[INFORMATION GIVEN]:

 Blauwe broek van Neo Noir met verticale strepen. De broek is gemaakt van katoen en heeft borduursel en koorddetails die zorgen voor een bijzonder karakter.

==

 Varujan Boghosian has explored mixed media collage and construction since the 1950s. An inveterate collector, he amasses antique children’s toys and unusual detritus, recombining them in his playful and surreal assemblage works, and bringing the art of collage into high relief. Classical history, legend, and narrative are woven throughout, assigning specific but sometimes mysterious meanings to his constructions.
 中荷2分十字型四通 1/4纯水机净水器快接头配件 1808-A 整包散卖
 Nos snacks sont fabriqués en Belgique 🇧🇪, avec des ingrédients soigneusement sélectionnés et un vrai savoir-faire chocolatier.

--

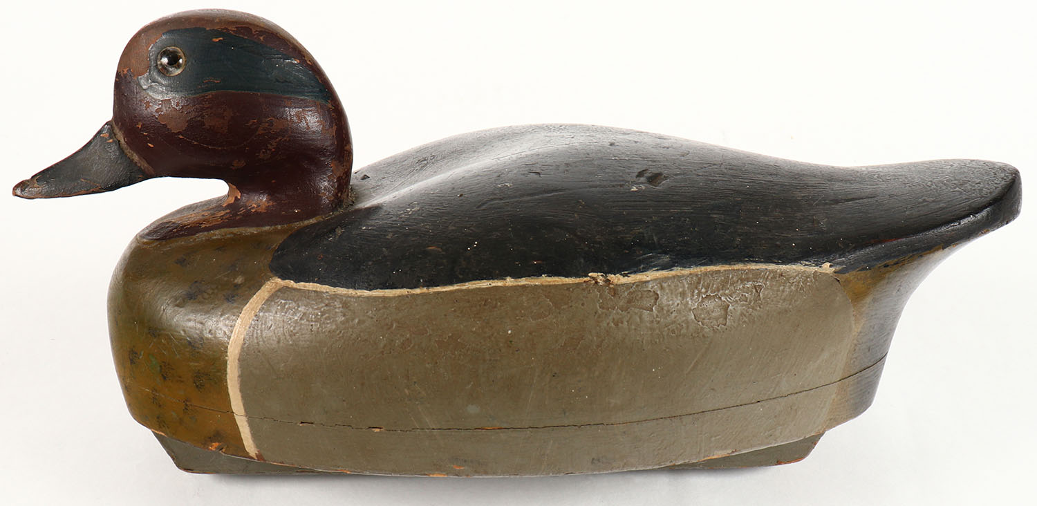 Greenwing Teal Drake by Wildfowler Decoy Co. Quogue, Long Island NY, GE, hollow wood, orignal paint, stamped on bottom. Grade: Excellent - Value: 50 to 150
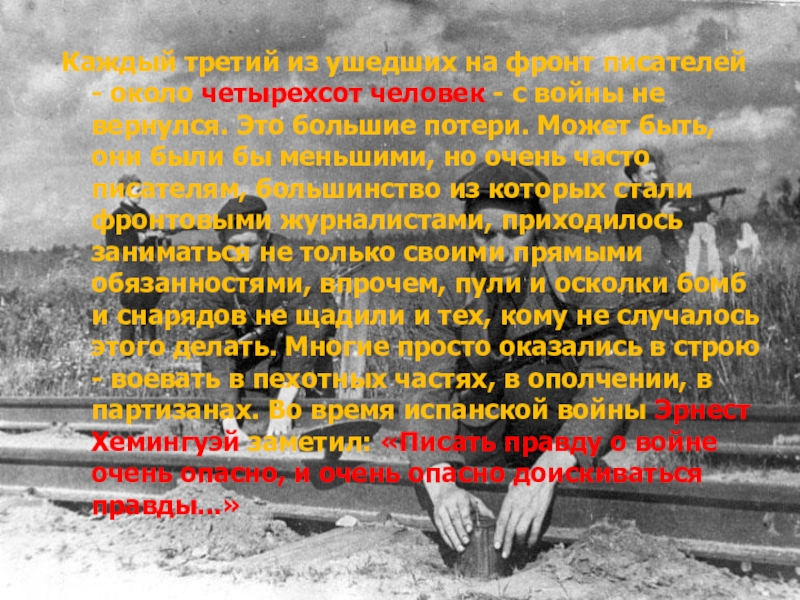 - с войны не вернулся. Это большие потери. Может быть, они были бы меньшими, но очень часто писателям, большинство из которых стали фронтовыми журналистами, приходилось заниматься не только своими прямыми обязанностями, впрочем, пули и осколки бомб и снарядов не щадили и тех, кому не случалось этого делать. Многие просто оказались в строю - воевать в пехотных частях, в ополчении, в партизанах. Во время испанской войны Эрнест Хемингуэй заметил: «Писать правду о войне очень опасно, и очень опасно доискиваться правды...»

[YOUR TASK]: From the records above, print exactly the lines that run from the line with "Varujan Boghosian has" to the line with "Nos snacks sont", inclusive.

[SOLUTION TO THE EXERCISE]:
 Varujan Boghosian has explored mixed media collage and construction since the 1950s. An inveterate collector, he amasses antique children’s toys and unusual detritus, recombining them in his playful and surreal assemblage works, and bringing the art of collage into high relief. Classical history, legend, and narrative are woven throughout, assigning specific but sometimes mysterious meanings to his constructions.
 中荷2分十字型四通 1/4纯水机净水器快接头配件 1808-A 整包散卖
 Nos snacks sont fabriqués en Belgique 🇧🇪, avec des ingrédients soigneusement sélectionnés et un vrai savoir-faire chocolatier.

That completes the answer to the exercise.